### What to produce
Reproduce exactly only the lines from the line that holds "Tops ,Bodybuilding,Sleeveless ,Streetwea,Vest ,Party Nightclubs" to the line that holds "Lot 285 of 1434: Six", inclusive, in the listing below, and please leave out every picture.

___ Input

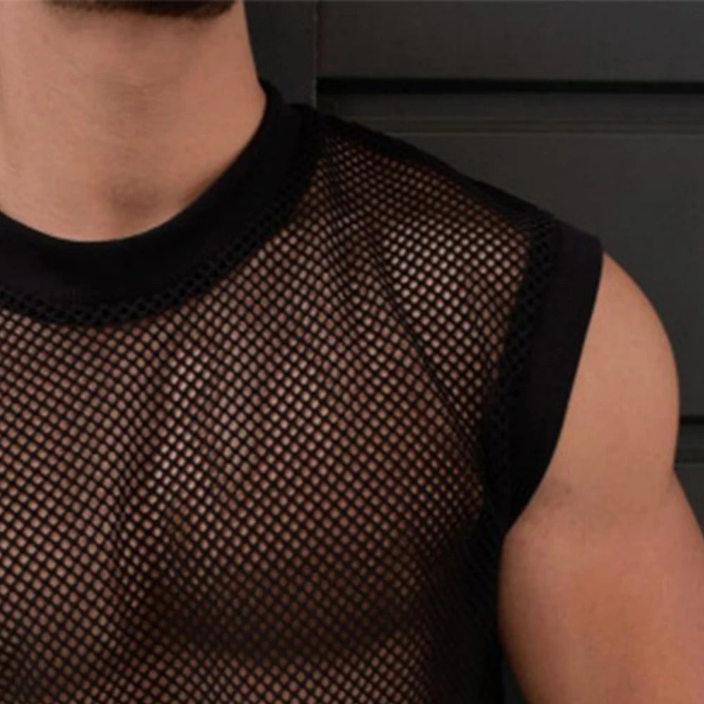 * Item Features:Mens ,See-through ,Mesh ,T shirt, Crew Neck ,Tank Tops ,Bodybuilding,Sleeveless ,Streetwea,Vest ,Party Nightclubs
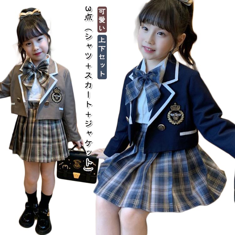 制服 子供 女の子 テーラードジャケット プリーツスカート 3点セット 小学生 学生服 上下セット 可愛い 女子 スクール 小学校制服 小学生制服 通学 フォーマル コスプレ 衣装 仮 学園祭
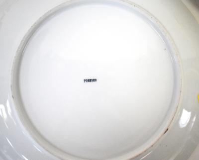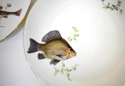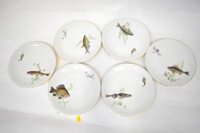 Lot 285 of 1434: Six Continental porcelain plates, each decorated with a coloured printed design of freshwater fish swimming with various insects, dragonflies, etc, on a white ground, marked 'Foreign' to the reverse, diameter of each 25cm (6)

______
___ Input

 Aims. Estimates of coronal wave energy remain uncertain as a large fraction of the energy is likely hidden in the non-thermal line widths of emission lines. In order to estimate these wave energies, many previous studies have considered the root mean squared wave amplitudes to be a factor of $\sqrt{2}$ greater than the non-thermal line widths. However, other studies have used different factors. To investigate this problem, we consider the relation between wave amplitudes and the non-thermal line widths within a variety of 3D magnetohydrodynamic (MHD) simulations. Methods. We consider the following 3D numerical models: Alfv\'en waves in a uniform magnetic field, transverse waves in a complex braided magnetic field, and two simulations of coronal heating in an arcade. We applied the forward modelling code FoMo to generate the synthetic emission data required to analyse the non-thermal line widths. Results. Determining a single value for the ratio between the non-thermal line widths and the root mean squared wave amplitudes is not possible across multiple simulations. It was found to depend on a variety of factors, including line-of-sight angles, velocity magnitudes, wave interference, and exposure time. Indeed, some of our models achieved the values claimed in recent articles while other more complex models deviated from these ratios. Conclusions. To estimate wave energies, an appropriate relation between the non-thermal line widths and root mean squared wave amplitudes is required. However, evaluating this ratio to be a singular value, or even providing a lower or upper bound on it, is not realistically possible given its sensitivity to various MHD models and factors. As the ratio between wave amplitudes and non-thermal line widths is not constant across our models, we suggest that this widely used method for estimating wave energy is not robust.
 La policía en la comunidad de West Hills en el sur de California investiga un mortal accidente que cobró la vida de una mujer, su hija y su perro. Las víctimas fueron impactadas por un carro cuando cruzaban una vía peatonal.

______
___ Input

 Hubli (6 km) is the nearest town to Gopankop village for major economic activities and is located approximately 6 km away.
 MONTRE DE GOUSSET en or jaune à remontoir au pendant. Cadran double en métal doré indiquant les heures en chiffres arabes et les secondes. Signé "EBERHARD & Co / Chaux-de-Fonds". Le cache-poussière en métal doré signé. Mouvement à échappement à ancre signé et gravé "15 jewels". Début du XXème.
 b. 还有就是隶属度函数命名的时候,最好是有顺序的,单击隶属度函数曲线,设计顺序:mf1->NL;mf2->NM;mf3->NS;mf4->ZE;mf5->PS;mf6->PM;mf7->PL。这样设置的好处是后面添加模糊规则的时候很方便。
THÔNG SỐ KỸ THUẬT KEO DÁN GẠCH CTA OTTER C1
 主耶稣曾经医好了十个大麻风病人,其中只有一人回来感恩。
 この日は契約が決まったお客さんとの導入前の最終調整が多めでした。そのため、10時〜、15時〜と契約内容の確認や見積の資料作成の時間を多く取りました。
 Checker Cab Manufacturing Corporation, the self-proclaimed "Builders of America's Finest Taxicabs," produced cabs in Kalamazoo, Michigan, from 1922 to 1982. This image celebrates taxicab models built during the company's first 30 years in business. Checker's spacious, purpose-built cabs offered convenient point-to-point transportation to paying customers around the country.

______

### Response to this task
 * Item Features:Mens ,See-through ,Mesh ,T shirt, Crew Neck ,Tank Tops ,Bodybuilding,Sleeveless ,Streetwea,Vest ,Party Nightclubs
 制服 子供 女の子 テーラードジャケット プリーツスカート 3点セット 小学生 学生服 上下セット 可愛い 女子 スクール 小学校制服 小学生制服 通学 フォーマル コスプレ 衣装 仮 学園祭
 Lot 285 of 1434: Six Continental porcelain plates, each decorated with a coloured printed design of freshwater fish swimming with various insects, dragonflies, etc, on a white ground, marked 'Foreign' to the reverse, diameter of each 25cm (6)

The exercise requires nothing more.